Tonight I finished setting up my new firewall/gateway based on the lastest Ubuntu server edition.  I actually finished this last Thursday but that machine crapped out on me the day after I had everything configured correctly.  It was an old P3 system with around 512 MB of PC-133 in it.  Not the greatest system but plenty for a home Gateway/Firewall.  The HDs I used in the machine were a couple I had laying around, 8 GB and 10 GB setup in an LVM.  I figured they might have had a little more life in them and 18 GB would be plenty of space for this system.  Well I guess they were a little too old as they both stopped working the next day, in fact the computer doesn’t even recognize them at boot time.  I’ve had trouble on that system before, sometimes detecting a drive, sometimes not, so it may just be the board as well.  I decided not to waste anymore time with that old machine and now I’m using Abby’s old emachine.

Things went rather smooth after my second install this afternoon.  I had installed it over the weekend at Abby’s (on her machine, not the machine that died), but her internet was flaky and wouldn’t work during the install of Ubuntu so I wasn’t able to configure some things during the initial install and that seemed to give me all kinds of errors this morning when I went to finish things up.  Also I spent a good amount of time troubleshooting a problem with one of my network cards, in that it would initialize but I couldn’t connect to the computer through the LAN to it which had me googling and scratching my head for some time.  I then decided to open up the case and try to reseat the NIC.  The card was actually not seated all the way so I pushed it in then rebooted and it worked perfectly.  Next time I won’t be in such a hurry and actually screw in the NICs.

After fixing that problem I had one more issue with that NIC after finishing up the second install.
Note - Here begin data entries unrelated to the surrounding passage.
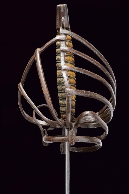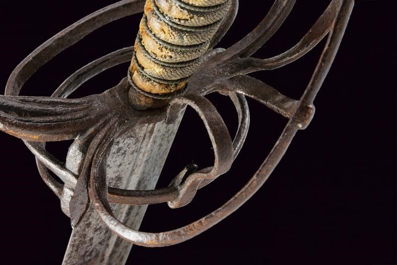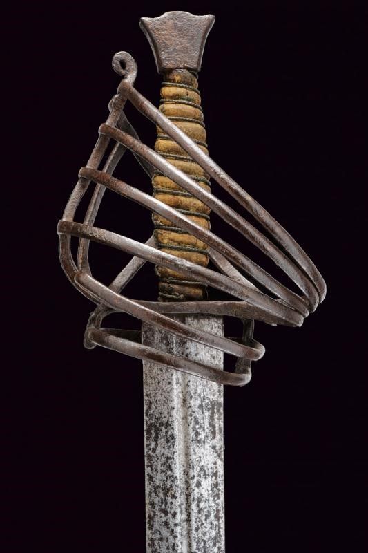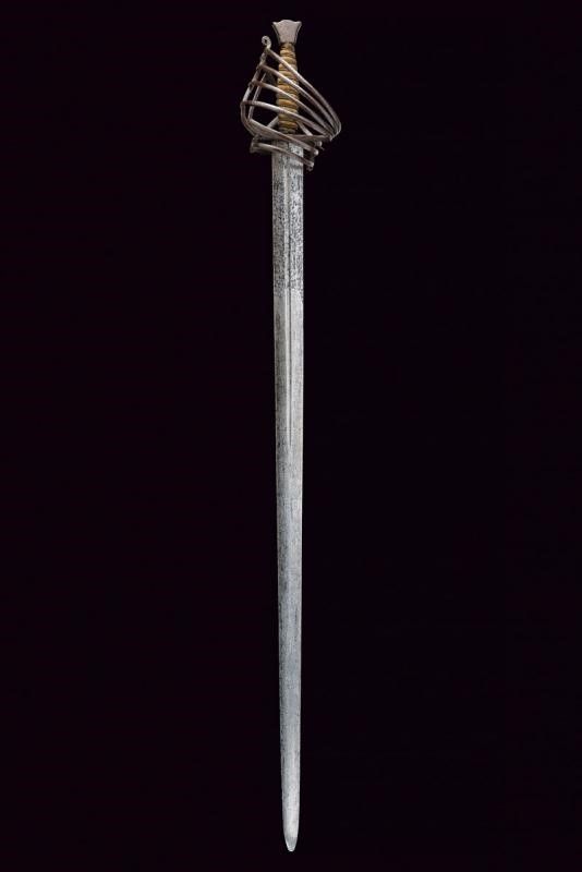 Veneto, lunghezza 123 cm. XVII Secolo Ampia lama dritta a due fili, sgusciata al centro nel primo segmento, in seguito di sezione lenticolare. Fornimento con raro tipo di gabbia munito di piccolo ponticello e anello per il pollice. Pomo a testa di gatto in ferro con marcatura. Impugnatura in legno a spire con resti di rivestimento in pelle di pesce e trecciola metallica.
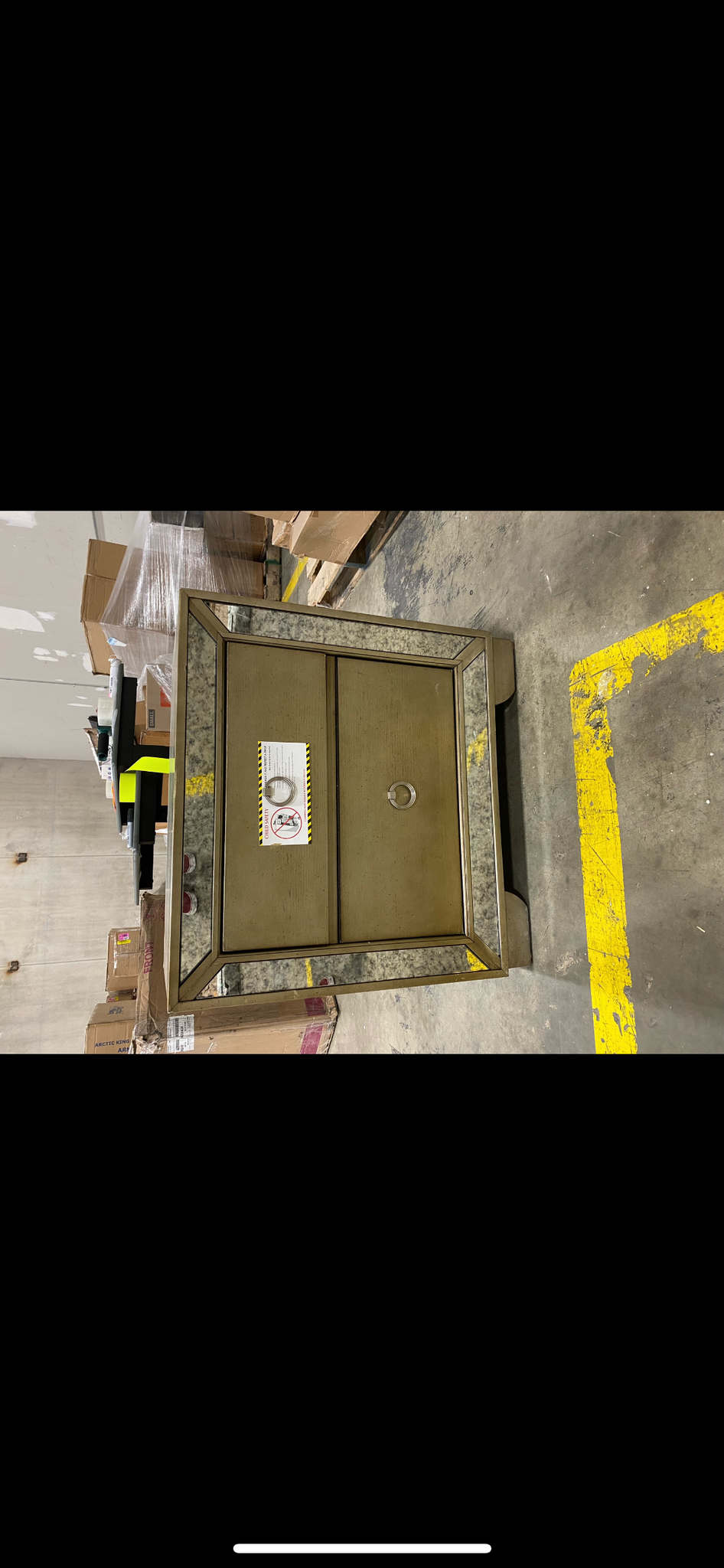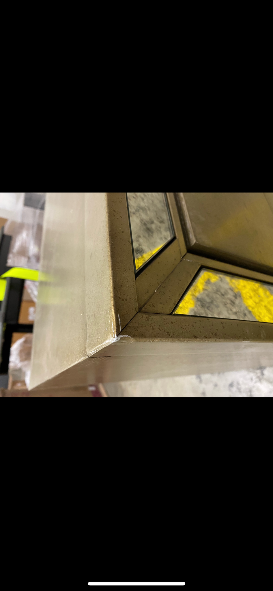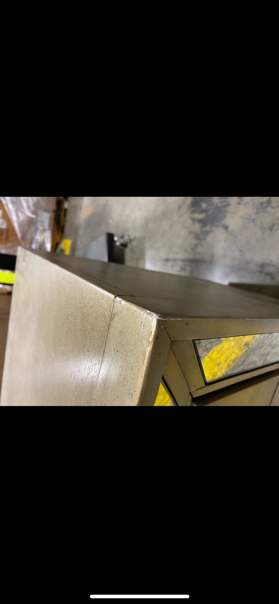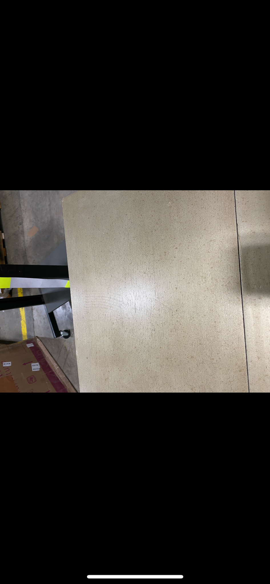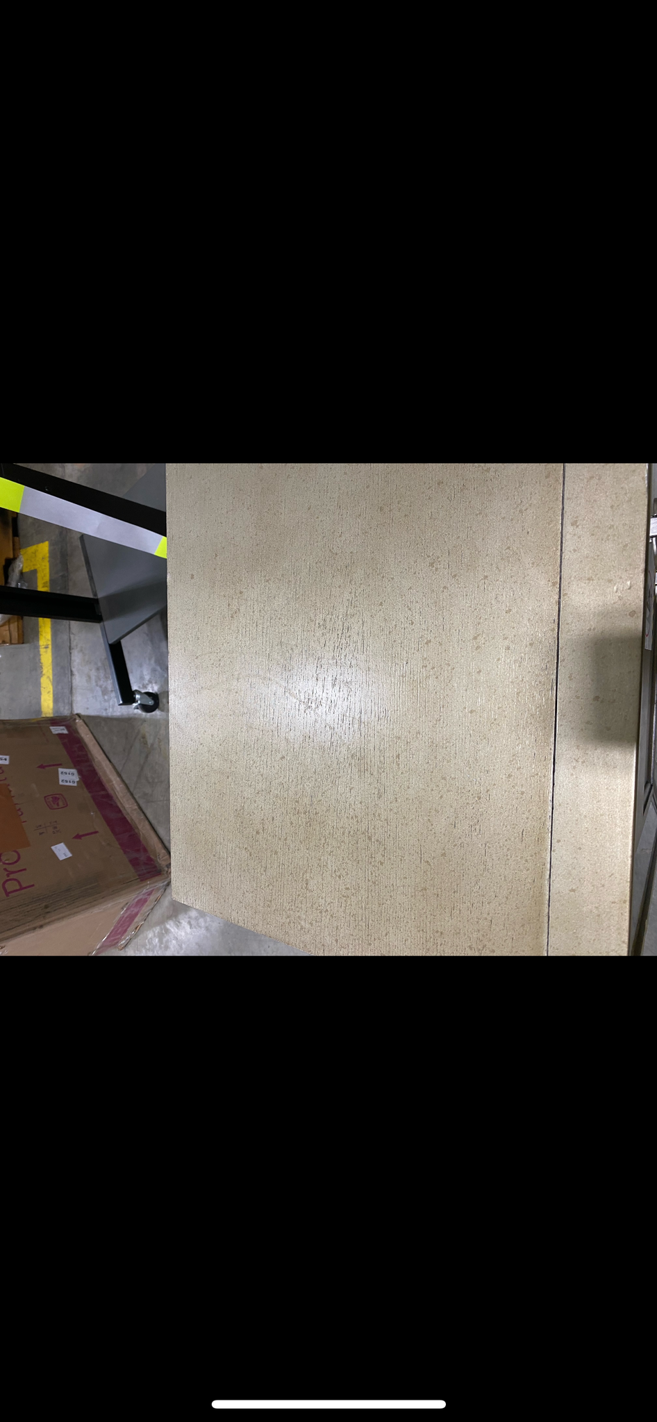 Out of box, The color is champagne, AS IS Condition: Item has slight scuffing on table top. Small dings on corner/side edges due to shipment. Ding damage on one foot. See photos. Item in otherwise good condition.
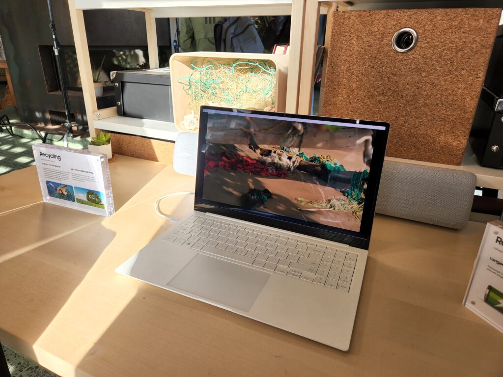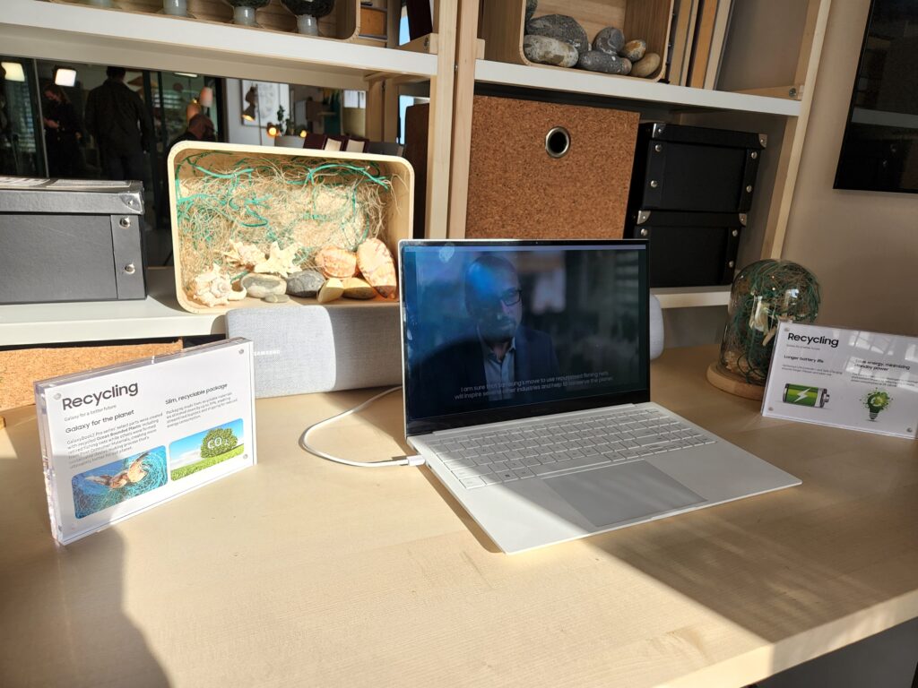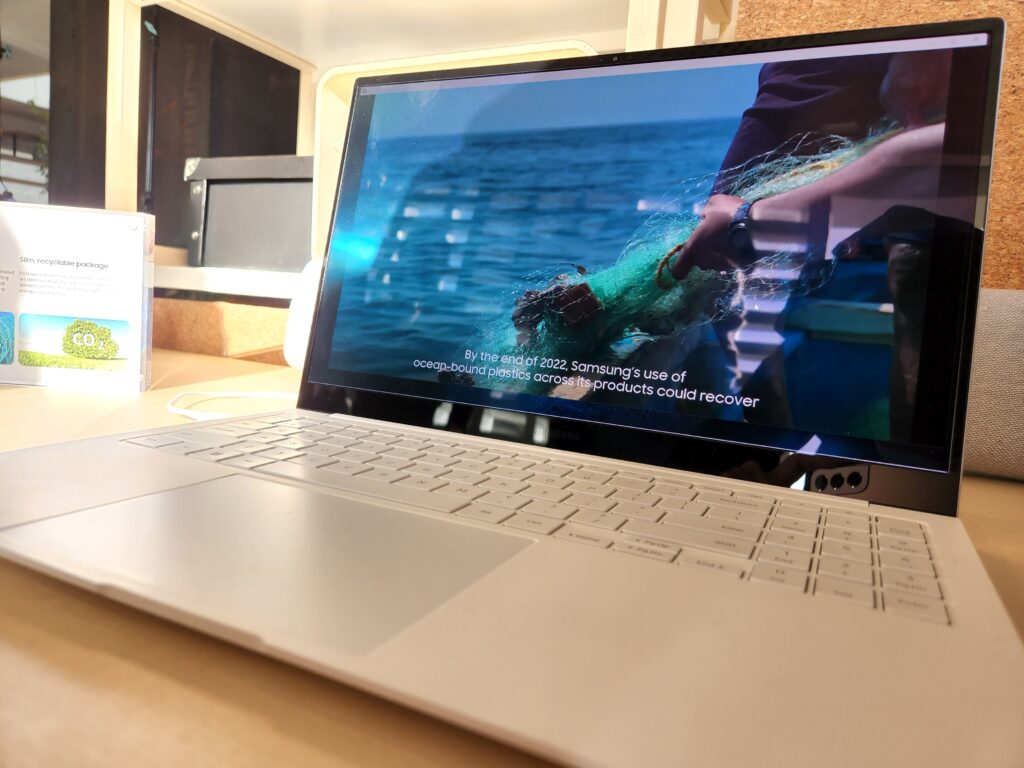 Finalmente, contamos con tecnología para Smart Things que nos permitirá prender las luces, controlar termostatos o incluso controlar nuestras cámaras de seguridad desde el panel Smart Things, y no está de más decir que el panel táctil de las nuevas Galaxy Book 2 Pro está hecho con la última tecnología de reciclaje de la marca coreana, así que el mismo está hecho con elementos reciclados de las redes de pesca del mar.

For some reason it would only register as a 10 Mbit half-duplex NIC, when it was capable of 100 Mbit full-duplex mode.  Turns out this is an issue with the card and certain switches.  The card just doesn’t detect the type of network its on properly.  I forced the card into the proper mode and now things are good to go.

Right now the f/g is pretty basic.  I have three NICs in it, one connected to my switches/OPEN-WRT AP, one to the cable modem, and the third will be used for another AP I plan to have an open wireless network on.  I installed smoothwall to configure my firewall as well as bind and a DHCP server.  I don’t really like all those services running on that box so I may leave bind on there and move the DHCP server back to the OPEN-WRT router or maybe to my other Ubuntu Server.  I really just wanted to install the dhcpd3 server on there to learn how to configure it.  With those minor hicups things are running smooth now.